ACTION ITEM: Only the lines from the first line of the data through the line containing "이달 중 2017년 생산분" belong in the answer, transcribed exactly; pictures do not.

RAW DATA:
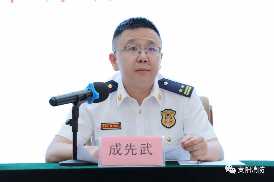 成先武副政委讲话,感谢学院两年来帮助贵阳市消防救援支队培养了百余名装备技师骨干,为全市各基层队站承担消防装备维护管理,提升队伍战斗力发挥的重要作用。要求本期培训学员:一是提高认识,深刻领悟培训意义。二是深学笃行,聚力提升培训实效。三是从严管理,切实展现队伍形象。四是优化机制,深化人才培育平台。
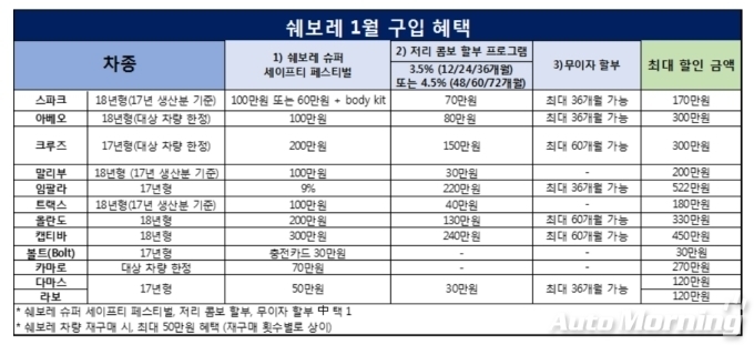 이달 중 2017년 생산분 스파크, 말리부, 트랙스를 구입하는 고객에게 100만원의 현금 할인이 제공되며, 주력 3차종에는 무이자 할부 및 최대 72개월 슈퍼 초장기 할부 프로그램이 적용된다. 72개월 슈퍼 초장기 할부를 통하면 스파크 월19만원, 트랙스 월29만원, 말리부는 월47만원에 구입할 수 있다.
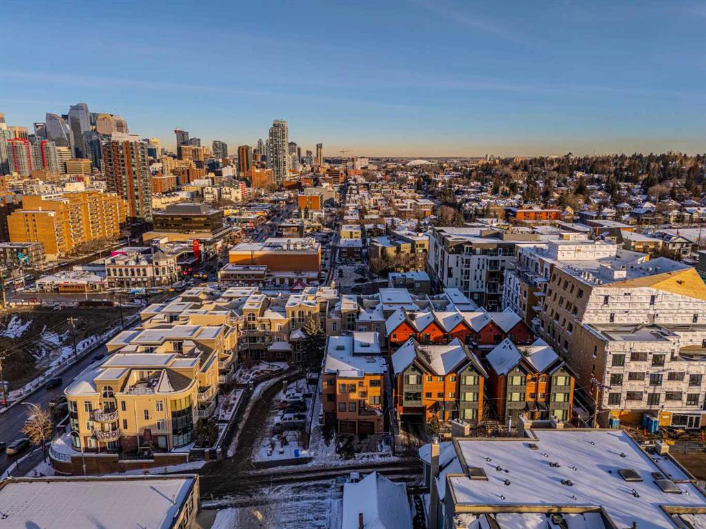 This spacious and unique 3-storey executive townhouse is quietly positioned in the heart of Bankview, offering an exceptional 10/10 inner-city location just steps from the energy, dining, and nightlife of 17th Avenue SW and the everyday convenience of 14 Street SW. Walk everywhere, commute downtown in minutes, and enjoy being surrounded by Calgary’s best cafés, shops, transit routes, and entertainment, all while still feeling tucked away and residential. This is true urban living done right. This home confidently leans into what makes it exceptional: two fireplaces, two balconies, and two skylights, a thoughtful combination that brings warmth, architectural interest, and incredible natural light throughout. From the moment you enter, you’re welcomed by a spacious front foyer with mudroom-style functionality and generous storage, creating a practical and polished arrival experience. Head up one level and the property continues to surprise. The wide open-concept main living area flows effortlessly, wrapped in windows and enhanced by tall ceilings that create a bright, airy atmosphere across all levels. Designed for both comfort and connection, the main floor features hardwood flooring and a striking two-way fireplace with custom built-ins anchoring the living and dining spaces. The contemporary kitchen is finished with stainless steel appliances, concrete countertops, and a functional breakfast bar. A private west-facing balcony off the living room extends the space outdoors, perfect for morning coffee or evening unwinding. Completing this level is a convenient and well-located half bath, ideal for guests and everyday living. The upper levels continue the home’s thoughtful design and flexibility. As you head upstairs, you’re greeted by a beautiful skylight that fills the space with natural light, complemented by oversized windows throughout that create a bright, open atmosphere. The primary suite is a true retreat with its own fireplace, dual closets, and a spa-inspired ensuite featuring double sinks, a soaker tub, steam shower, and an additional skylight that brings in even more sunshine. A generous second bedroom is paired with a versatile flex room, ideal as a home office, fitness area, or third bedroom, opening onto a southwest-facing balcony for added light and outdoor connection. A full upper-level main bathroom and conveniently located laundry complete this level, rounding out a layout that’s both functional and beautifully designed. Currently tenanted, this property offers a strong opportunity for investors seeking a turnkey inner-city rental, while also appealing to buyers looking to make it their own. With downtown minutes away, quick access along 14th Street, and a vibrant entertainment district nearby, this location supports long-term demand and lifestyle appeal. Add low-maintenance living, low condo fees, and true lock-and-leave convenience, making it ideal for busy professionals, frequent travelers, and hands-off investors alike. Book a tour today!

TASK SOLUTION:
 成先武副政委讲话,感谢学院两年来帮助贵阳市消防救援支队培养了百余名装备技师骨干,为全市各基层队站承担消防装备维护管理,提升队伍战斗力发挥的重要作用。要求本期培训学员:一是提高认识,深刻领悟培训意义。二是深学笃行,聚力提升培训实效。三是从严管理,切实展现队伍形象。四是优化机制,深化人才培育平台。
 이달 중 2017년 생산분 스파크, 말리부, 트랙스를 구입하는 고객에게 100만원의 현금 할인이 제공되며, 주력 3차종에는 무이자 할부 및 최대 72개월 슈퍼 초장기 할부 프로그램이 적용된다. 72개월 슈퍼 초장기 할부를 통하면 스파크 월19만원, 트랙스 월29만원, 말리부는 월47만원에 구입할 수 있다.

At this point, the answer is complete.